Simplifying complex business logic with Python's Kanren

              ·

So-called “logic programming” has been a niche programming topic since Prolog was introduced in the 80s. In my experience, most posts that cover logic programming introduce the core concepts and stop there. The examples they give are mostly toy problems. This post, then, will start with “what you can do with logic programming in Python” and move toward the core concepts that way.

If you’re looking for an explanation of unification or a history of logic programming, and why you should even write web-servers this way, there are plenty of posts that will extoll the virtues of logic programming over other methods. This is not that post. I’m aware of these things, but my goal in this post is to help you take the part of your code that is least maintainable as written in a traditional Python style and make it cleaner, clearer, and less prone to bugs using logic programming via the Kanren library.

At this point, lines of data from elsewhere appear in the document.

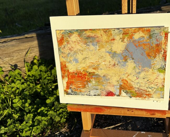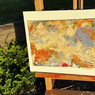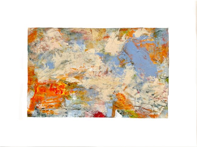 This painting has an uninhibited quality enriched by the palette of warm oranges and reds that contrast with cool blues and hints of green. Creamy off-white tones interspersed throughout soften the bolder colors and adds luminosity. Color and shape create a rich, textured surface evoking a landscape or even an emotional outburst.
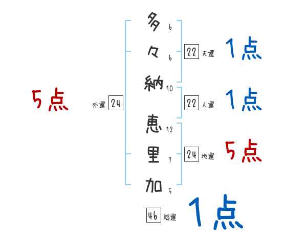 外運![]() | 多々納恵里加さんの外運は24画の5つ星!家庭運が良く順調な人生。金運にも恵まれる。 生活面を象徴する運勢です。外部から受ける影響力を表し、結婚運、家庭運や職場、環境への順応性を表します。 |
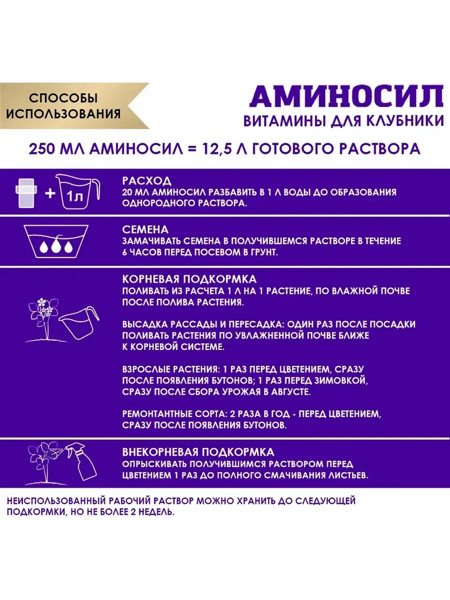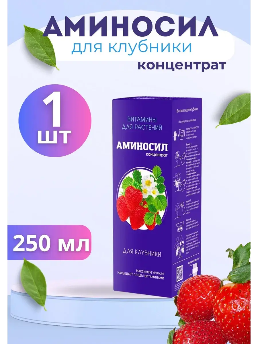 Витамины для клубники Аминосил идеально подходят для всесезонной подкормки, летом для ухода, питания и удобрения клубники (садовой земляники) всех сортов. Органические витамины - одно из обязательных условий для урожая и здоровья клубники. Обеспечивает больше цветов и ягод. Ягоды крупнее, сочнее и слаще. Укрепляет иммунитет и защищает от болезней. Улучшает защитные свойства в периоды засухи и заморозков. Вкусный и полезный урожай без химии! 100% органический состав. Макро и микроэлементы. 40+ аминокислот. Расход: 20 мл разбавить в 1 л воды до образования однородного раствора. Подкормка для обеспечения клубники и плодово-ягодных культур питательными веществами. Для клубники или земляники, это является особенно важным. Эти ягодные культуры требуют особого ухода, и нужно обеспечить их всем необходимым. Удобрения для клубники и земляники содержат в себе микроэлементы, которые необходимы для здоровья растений и урожайности. Саженцы будут расти быстрее и лучше плодоносить. Удобрение поможет создать условия для здорового роста растений, а также способствует формированию качественного урожая.
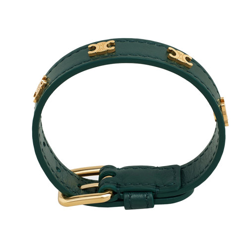 CELINE/赛琳 22新款 TRIOMPHE系列 男女同款金色绿色皮革金扣手链46X623WBC.31AG
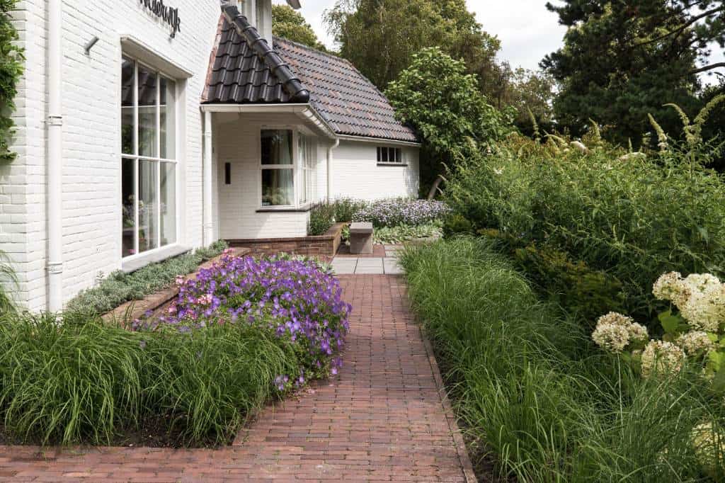 Terrassen en de oprit zijn gemaakt van gebakken klinkers in combinatie met Arduin tegels.
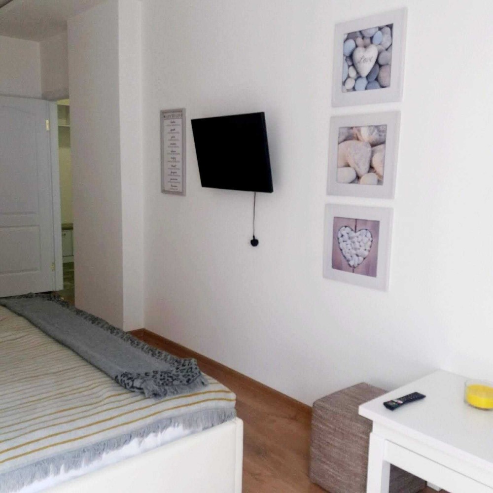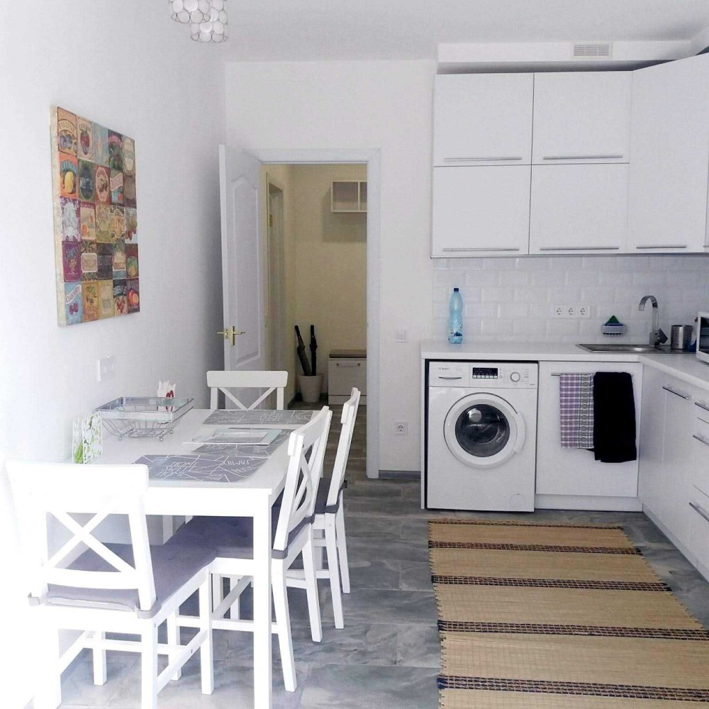 Євроремонт в білих тонах. Двоспальне ліжко, душева. Необхідна побутова техніка.
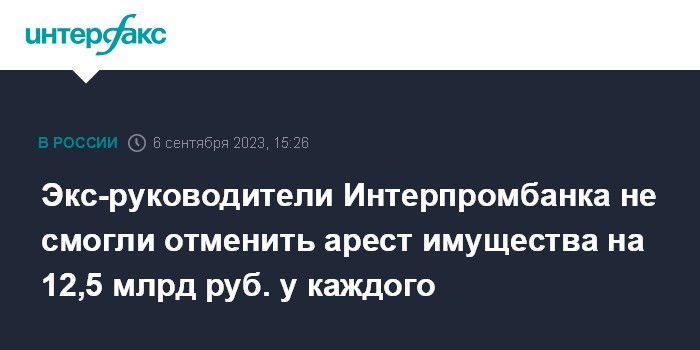 Экс-руководители Интерпромбанка не смогли отменить арест имущества на 12,5 млрд руб. у каждого

Not what it is, but what is it for?

Kanren provides you a way to simplify the way you specify and make your code respond to “business logic.” Business logic is an ill defined term, but in my experience it consists of all those if-then-else statements, nested cases, and rats’ warrens of callbacks that evolve over time in complex applications that focus either on complex data processing, or on responding to users who are themselves experts at something.

Kanren lets you express this logic in terms of rules and facts. I use Kanren to do things like consistency checks in entered data, validity checks for records that are POSTed to my APIs, and to perform complex filtering on users and records that don’t translate well into database queries.

Before we get started, you might want to do a quick:

$ pip install kanren

For if not then-else, what?

Although I will work to something more substantial, let’s start with a Hello World. I start here because logic-programming is different enough to the way most programmers think that a tiny, self-contained example will illustrate some basic points.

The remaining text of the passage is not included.